The second i zoom in, i can see a huge amount of information.
In the interest of complete visibilty, i goofed up. For some reason, i tried sorted the data in excel for the land registry data and i ended up completely misalligning the data columns for latitude. Rather than re-running the entire dataset (the HUGE dataset) through the google API again (i’d have to sign up for a free trial) i ended up just using a smaller dataset that i had saved from a dry run. So for the land registry data, i only am using 17,000 records (as opposed to 158,225 initially retrieved). So i am plotting barely 10% of the land registry data i could have - so there should be a LOT more yellow dots.
By using the Inspect Features utility at the bottom, i can hover over a data point and see the information ive extracted by the query. Here i have deselected companiesHouseOfficers and pricePaid and just left the open register data on. Ive zoomed in on a random area near the town center. When you look at data in a database or spreadsheet, i find that it dosent really mean much to you. 1000 records in a database is kind of difficult to realise just how powerful that information is. By plotting on a map, I feel you can get more of a feel for what that data means and how powerful that information is. Ive purposely not shown the above people specific address on the screenshot, but the point is I could have. I have that data as it is free and open. Again, the whole point in this series is to try and understand whether or not this IS private information? Evidently - to these people its not.
Ive put together a short video capture to show you around the dataset ive captured. https://youtu.be/-lDb1QhGC1g
Whats really cool is that the address conversion to latitude/longitude (via google api) to geometry (via SQL query) has worked brilliantly!
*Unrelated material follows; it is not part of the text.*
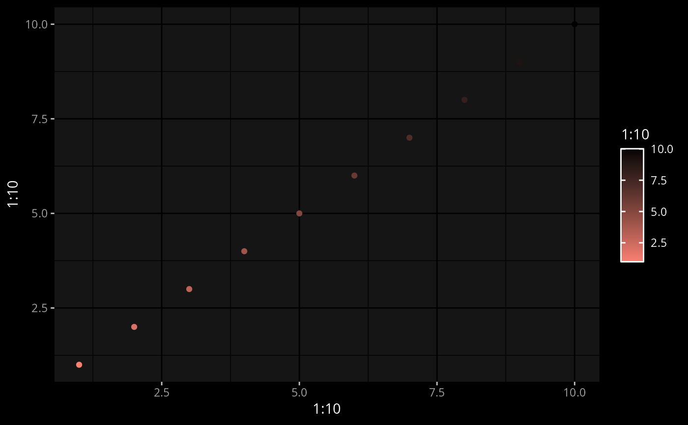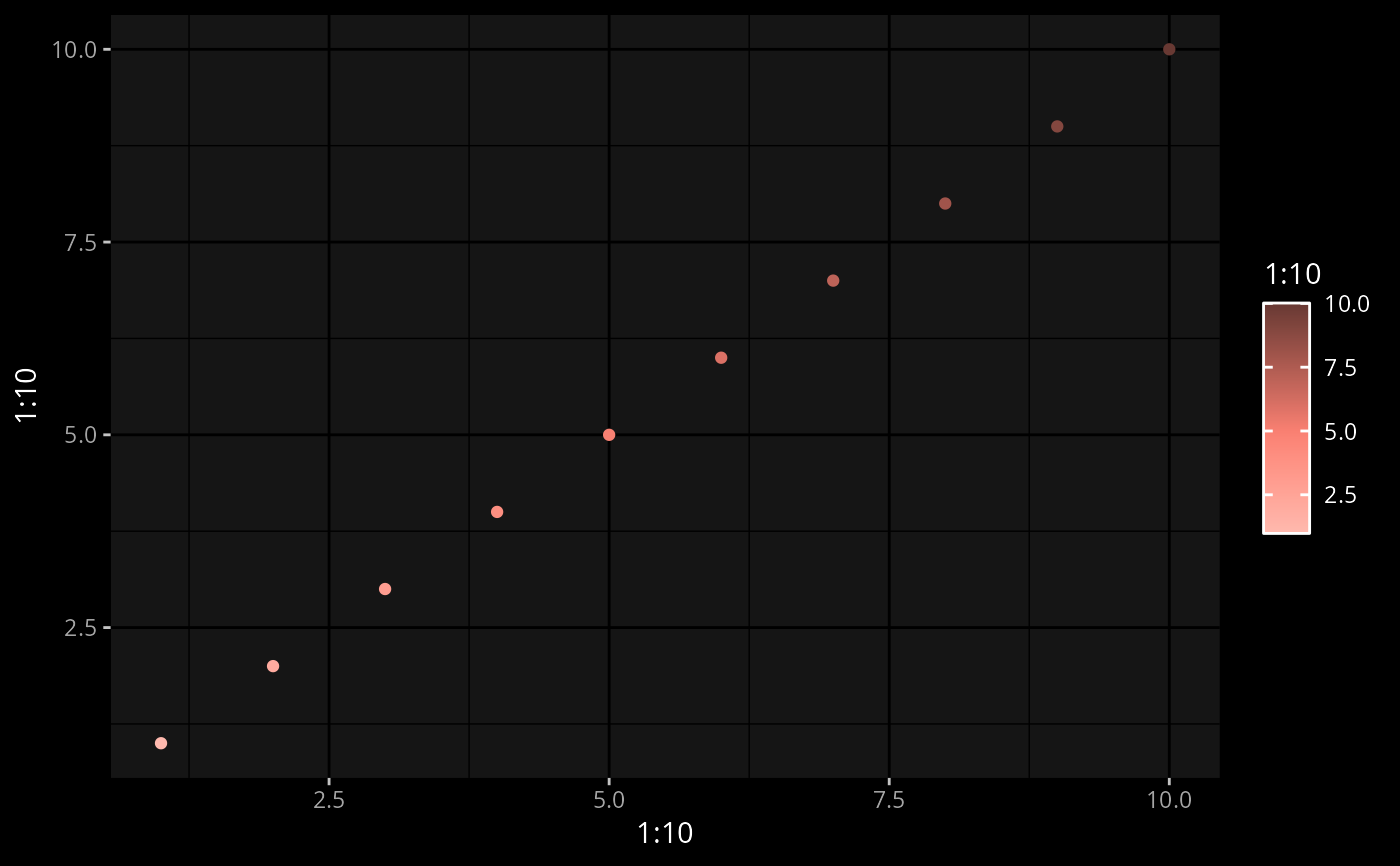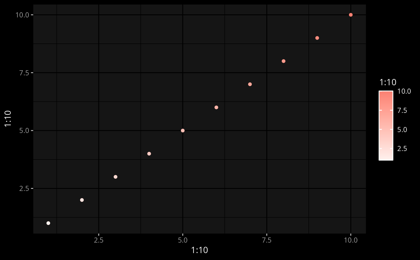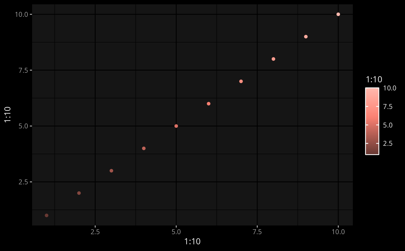 ggplot2::qplot(1:10, 1:10, color = 1:10)
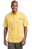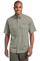 Eddie Bauer Short Sleeve Fishing Shirt. EB608 Designed with the needs of fishermen in mind but equally comfortable anywhere this shirt has all the bells and whistles: a built-in rod holder, two large fly box Pocket , utility loop and more. _ 3.5-ounce, 100% Cotton poplin _ 100% polyester Meshupper back lining _ Built-in rod holder _ Two large fly box Pocket with hook and loop closures _ Zippered chest Pocket _ Utility loop and tool holder _ Cape back with Meshventilation _ Hook and loop-fastened collar points Adult Sizes: XS _4XL

In the video, you can see that i scroll the cursor up and down a street and the house numbers increase/decrease as expected. Its managed to plot the data quite accurately with nothing but an address!
Upon reflection, i wish i did re-capture all of that land registry data as it would have shown much more data points, however i think ive proved my point. If i had the time, i’d love to pursue this project further and include more datasets and even perform some analysis on the data.
I think that your address cannot be personal information. Whether you know it or not, your address and name association is stored on hundreds of servers and that information is not hashed (only bank information/passwords are typically). I dont believe that every company that has your information has your best interests, or even appropriate security controls. If you expect to keep that information private, its never going to happen. I feel the same way about email addresses. The issue is that you can derive a lot of secondary information about an invidividual from their address and email address.
This could go down a huge rabbit hole, but i think ill leave it there.